▸ **YOUR ASSIGNMENT**:
Under this line is a listing; return exactly the lines starting at the one with "Curious how to" and running down to the one with "GESSI RILIEVO Bateria", and leave out its pictures.

▸ **ENTRIES SUPPLIED**:
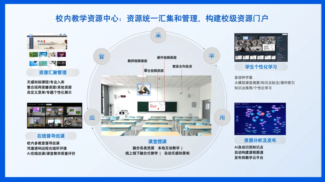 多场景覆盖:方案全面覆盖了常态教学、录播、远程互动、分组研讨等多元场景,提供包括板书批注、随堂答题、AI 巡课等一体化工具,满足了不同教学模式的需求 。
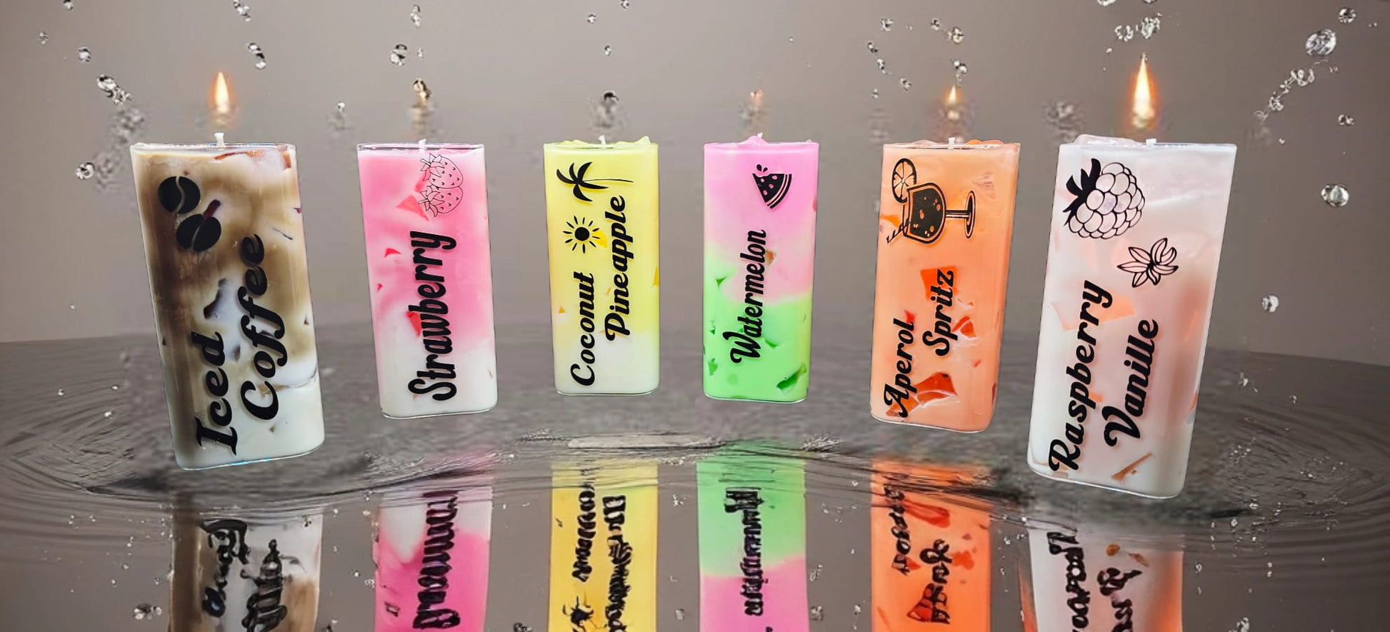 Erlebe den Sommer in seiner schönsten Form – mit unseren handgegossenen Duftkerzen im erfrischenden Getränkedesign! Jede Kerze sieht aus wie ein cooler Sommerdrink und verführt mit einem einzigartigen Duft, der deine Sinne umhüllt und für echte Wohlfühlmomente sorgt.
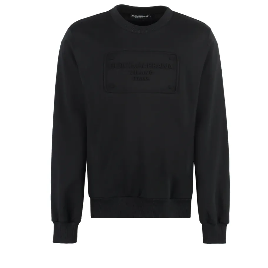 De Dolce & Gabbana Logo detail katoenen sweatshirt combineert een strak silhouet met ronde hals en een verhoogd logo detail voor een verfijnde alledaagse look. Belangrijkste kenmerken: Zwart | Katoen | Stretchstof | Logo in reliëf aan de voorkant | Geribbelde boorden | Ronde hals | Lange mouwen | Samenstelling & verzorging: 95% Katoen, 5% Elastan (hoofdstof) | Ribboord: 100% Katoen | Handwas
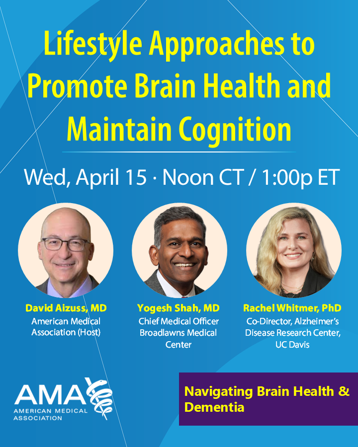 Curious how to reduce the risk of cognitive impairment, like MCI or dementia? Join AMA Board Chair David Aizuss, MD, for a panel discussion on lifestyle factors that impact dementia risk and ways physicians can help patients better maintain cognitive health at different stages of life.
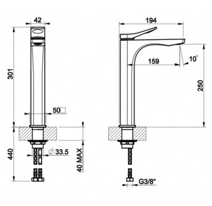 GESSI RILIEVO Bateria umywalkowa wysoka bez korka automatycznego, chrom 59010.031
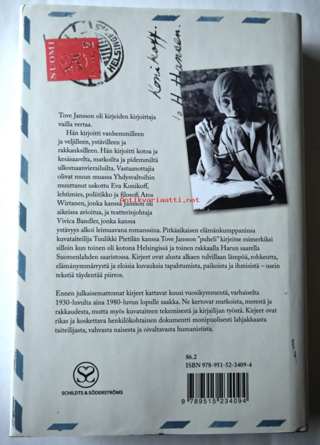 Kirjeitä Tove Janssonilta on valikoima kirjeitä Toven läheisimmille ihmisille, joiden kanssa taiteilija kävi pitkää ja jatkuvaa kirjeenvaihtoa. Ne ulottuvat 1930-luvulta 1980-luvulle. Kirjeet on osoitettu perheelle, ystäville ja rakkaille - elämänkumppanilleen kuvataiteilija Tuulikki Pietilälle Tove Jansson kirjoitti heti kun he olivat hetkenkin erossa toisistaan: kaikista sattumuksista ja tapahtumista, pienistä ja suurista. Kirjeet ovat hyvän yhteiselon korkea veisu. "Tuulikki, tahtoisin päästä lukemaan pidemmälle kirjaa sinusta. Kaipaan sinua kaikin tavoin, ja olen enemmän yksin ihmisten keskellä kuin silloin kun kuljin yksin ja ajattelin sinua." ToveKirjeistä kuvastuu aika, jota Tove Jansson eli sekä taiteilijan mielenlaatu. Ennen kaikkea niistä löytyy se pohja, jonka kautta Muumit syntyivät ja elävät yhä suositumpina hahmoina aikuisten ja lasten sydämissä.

▸ **WRITTEN RESPONSE**:
 Curious how to reduce the risk of cognitive impairment, like MCI or dementia? Join AMA Board Chair David Aizuss, MD, for a panel discussion on lifestyle factors that impact dementia risk and ways physicians can help patients better maintain cognitive health at different stages of life.
 GESSI RILIEVO Bateria umywalkowa wysoka bez korka automatycznego, chrom 59010.031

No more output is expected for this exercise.